◆ Provided material
============

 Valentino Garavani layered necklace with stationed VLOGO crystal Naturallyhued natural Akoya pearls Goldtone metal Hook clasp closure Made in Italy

============

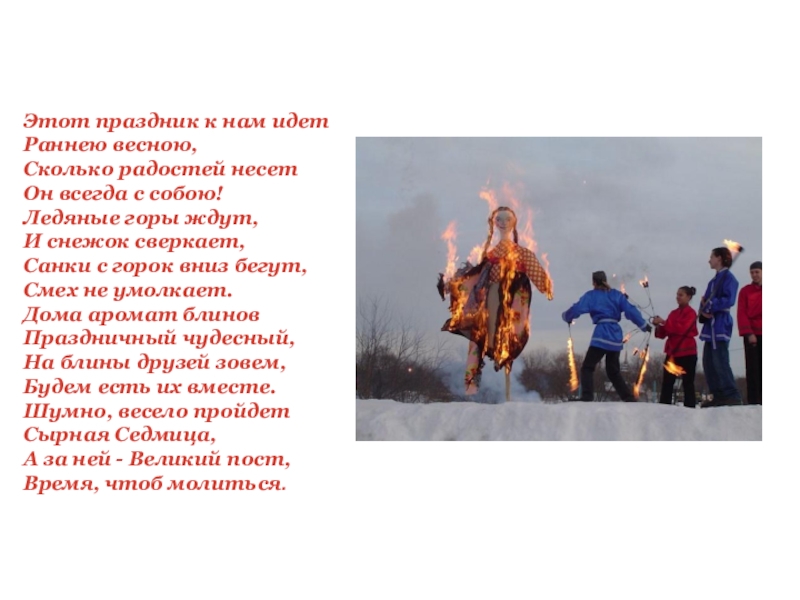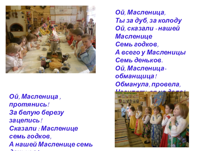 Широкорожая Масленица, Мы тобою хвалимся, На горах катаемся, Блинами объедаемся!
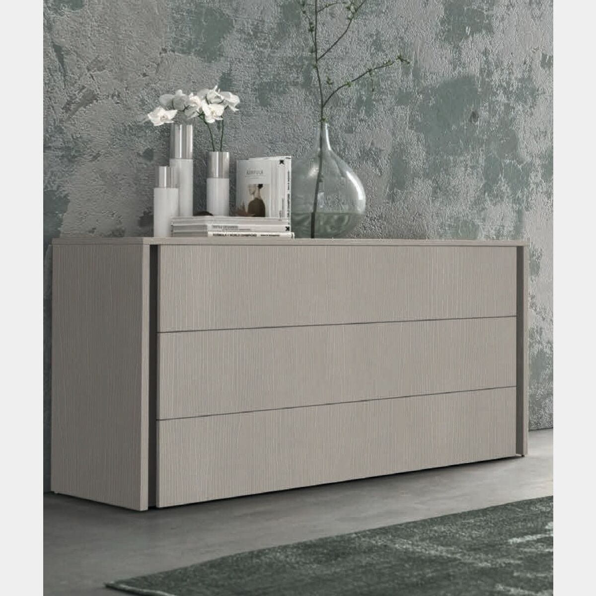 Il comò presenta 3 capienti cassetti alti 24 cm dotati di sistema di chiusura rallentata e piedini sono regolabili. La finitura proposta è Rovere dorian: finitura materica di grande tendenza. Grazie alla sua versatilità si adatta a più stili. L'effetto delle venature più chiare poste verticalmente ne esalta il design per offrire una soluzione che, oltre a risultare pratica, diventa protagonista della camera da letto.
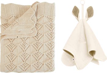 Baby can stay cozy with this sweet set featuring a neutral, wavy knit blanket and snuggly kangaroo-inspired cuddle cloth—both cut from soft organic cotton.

============

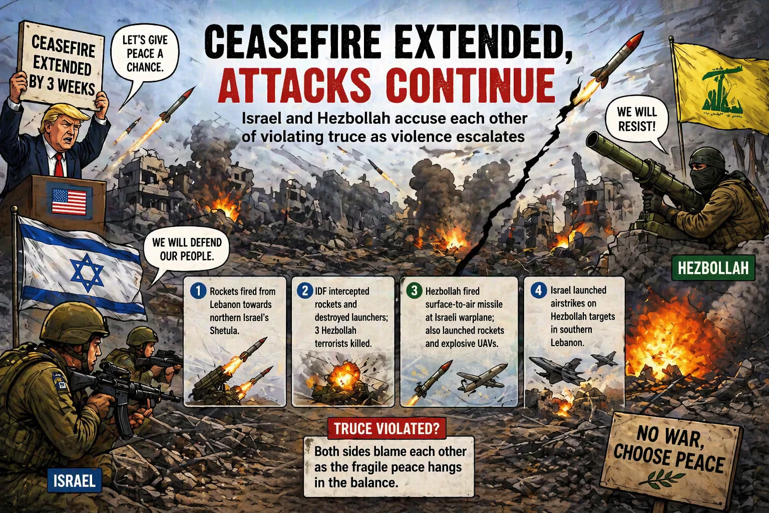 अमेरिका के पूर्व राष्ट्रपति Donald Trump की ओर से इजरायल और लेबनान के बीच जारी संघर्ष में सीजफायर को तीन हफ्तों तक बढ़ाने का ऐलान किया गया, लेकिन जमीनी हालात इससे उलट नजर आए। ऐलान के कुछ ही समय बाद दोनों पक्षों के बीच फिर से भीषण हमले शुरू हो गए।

============

◆ Task details
Once the line with "Широкорожая Масленица, Мы" has been found above, output that line and every later line exactly, stopping after the line with "Baby can stay", and omit the pictures.

◆ Completed task
 Широкорожая Масленица, Мы тобою хвалимся, На горах катаемся, Блинами объедаемся!
 Il comò presenta 3 capienti cassetti alti 24 cm dotati di sistema di chiusura rallentata e piedini sono regolabili. La finitura proposta è Rovere dorian: finitura materica di grande tendenza. Grazie alla sua versatilità si adatta a più stili. L'effetto delle venature più chiare poste verticalmente ne esalta il design per offrire una soluzione che, oltre a risultare pratica, diventa protagonista della camera da letto.
 Baby can stay cozy with this sweet set featuring a neutral, wavy knit blanket and snuggly kangaroo-inspired cuddle cloth—both cut from soft organic cotton.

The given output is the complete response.